しかし東京オリンピックを目前にして、スマホ決済の一環であるQRコード決済が、日本でも普及が始まっています。
2018年現在はQRコード決済の利用者割合は6%程度と言われていますが、今後はさらに拡大することが見込まれています。
政府の方針
政府は2025年の大阪万博までにキャッシュレス決済の比率を40%にするという目標をかかげています。
多くの外国人観光客の来日が予想される東京オリンピックや大阪万博の際にキャッシュレス決済が普及していなければ両替業務などは多忙を極めてしまうことになります。

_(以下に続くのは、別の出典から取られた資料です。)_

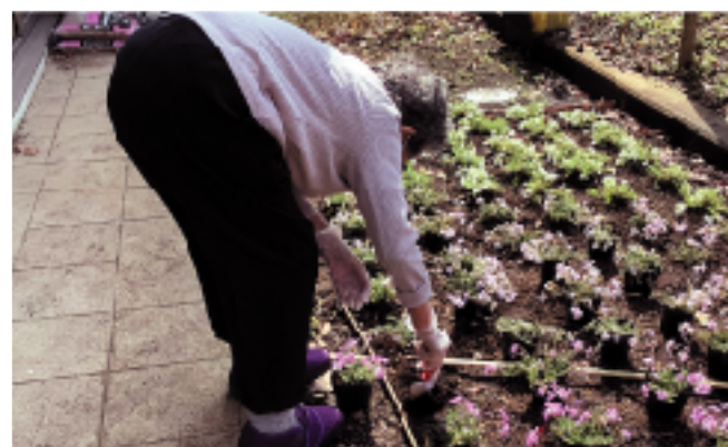
実施に際してはボランティアさんにも協力いただき行いました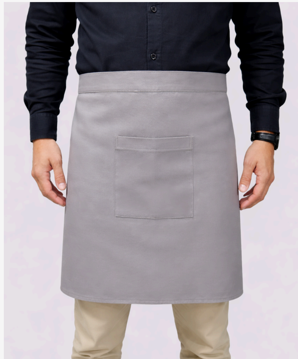
Avental meia cintura masculino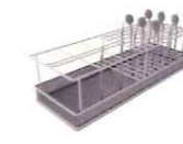
パーティカルラック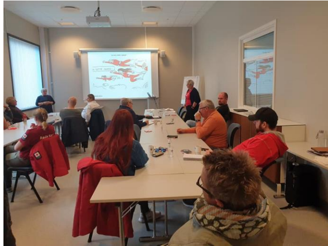
Foto: Nordland Røde Kors Områdesamling for lokalforeninger i Vesterålen

Erfaringsutveksling, samarbeid og workshops i forhold til bl.a rekruttering og iverksetting av aktiviteter sto på programmet. Hjelpekorpsene arbeidet med plan for styrking av kompetanse i redningstjenesten i Vesterålen.

日本国内の業務効率化と訪日外国人の利便性向上のために政府は国を挙げてキャッシュレス決済の普及を推進しています。
その中の手法には当然QRコード決済も含まれます。
急増する外国人観光客
下記は日本政府観光局の外国人観光客の推移です。
2017年の外国人観光客数は約2870万人で、2013年から3倍近く増加しており、東京オリンピックに向けてこの数はさらに増加していくものと見込まれています。

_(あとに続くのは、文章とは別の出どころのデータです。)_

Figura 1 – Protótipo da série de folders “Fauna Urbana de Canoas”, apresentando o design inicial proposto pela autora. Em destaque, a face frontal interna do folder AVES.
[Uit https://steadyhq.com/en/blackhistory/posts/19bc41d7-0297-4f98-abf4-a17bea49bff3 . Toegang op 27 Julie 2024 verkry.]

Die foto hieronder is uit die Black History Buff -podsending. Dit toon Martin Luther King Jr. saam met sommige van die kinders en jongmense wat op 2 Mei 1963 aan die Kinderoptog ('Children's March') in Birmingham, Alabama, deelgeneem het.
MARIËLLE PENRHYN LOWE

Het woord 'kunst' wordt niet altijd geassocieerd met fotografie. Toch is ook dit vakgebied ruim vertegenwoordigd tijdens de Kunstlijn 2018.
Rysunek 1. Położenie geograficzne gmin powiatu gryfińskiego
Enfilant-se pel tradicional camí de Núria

また、この外国人観光客のうち、約4分の1が中国人だと言われており、現実に2017年の中国人観光客は約735万人となっています。
中国人の数とQRコード決済になぜ関係しているのかと言えば、中国人にとってQRコード決済は日常的な当たり前のもので、その利用者の割合はなんと98%となっています。

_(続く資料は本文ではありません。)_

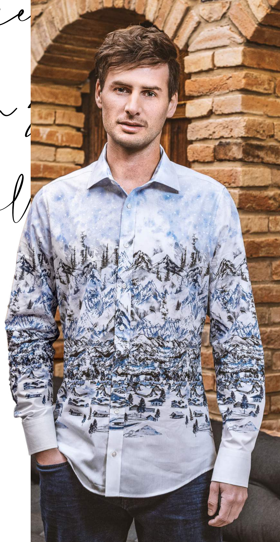
ARTIKELNUMMER: 46 / FT578 / 202 - 13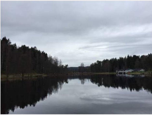
健行路線-湖泊風景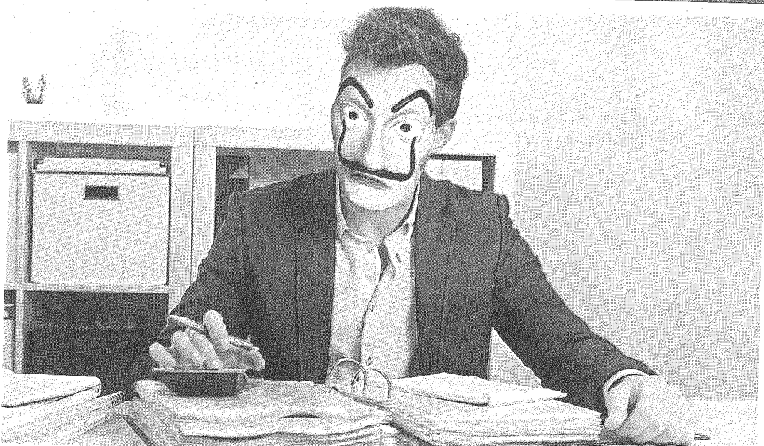
Desprevenidos. Muchas veces, los clientes de un estudio contable no saben si el contador que los atiende tiene título habilitante. (FOTOMATAJE)

El título universitario implica cinco años de estudio, y luego hay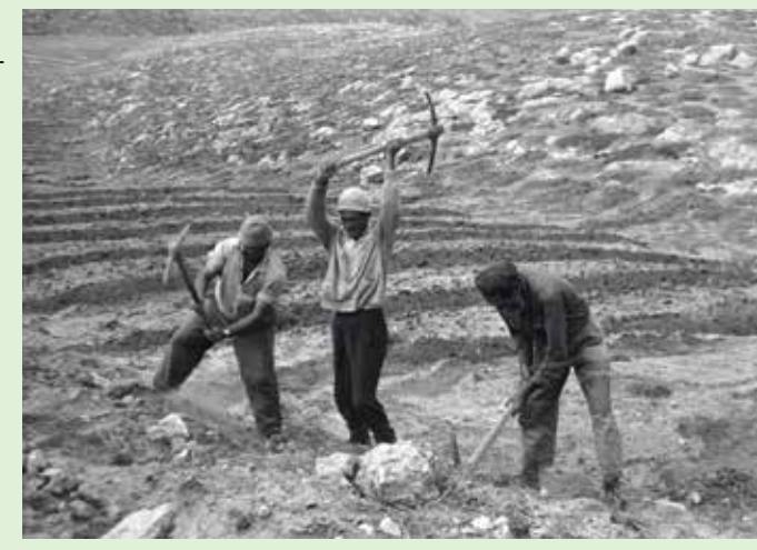
Yatirskogen, som området såg ut på 1960-talet, i jämförelse med hur det ser ut i dag.

Området har en genomsnittlig årlig nederbörd på 300–350 mm och har låg luftfuktighet. Israel är ett av få länder i världen där inte öknen breder ut sig.

このため、急増する中国人観光客のニーズに対応するために日本においてもQRコード決済の普及が進んでいるのです。
フィンテックによる金融とサービスの融合
後述しますが、QRコード決済サービスを展開しているのは、本来は決済とは関係のないECサービスなどの業者が少なくありません。
QRコード決済のポイントは個人と決済情報が紐付けることができるという点にあります。
楽天Payであれば楽天のIDと紐付けることができるため、決済情報とIDがリンクすることによって顧客の嗜好や決済状況に合わせた最適なサービスを顧客に提供することができるようになります。
このため、数多くのECサイトやIT企業がQRコード決済に進出しているのです。
日本国内の主なQRコード決済サービス
私たち日本人にはまだまだ馴染みが薄いQRコード決済サービスですが、日本人への普及を待つことなく、日本においては数々の業者が競争を始めています。
外国人観光客の急増によって普及する見込みと、顧客の決済手段を取り込みたい企業側の狙いとが相まって、サービスそのものは日本に数多くあります。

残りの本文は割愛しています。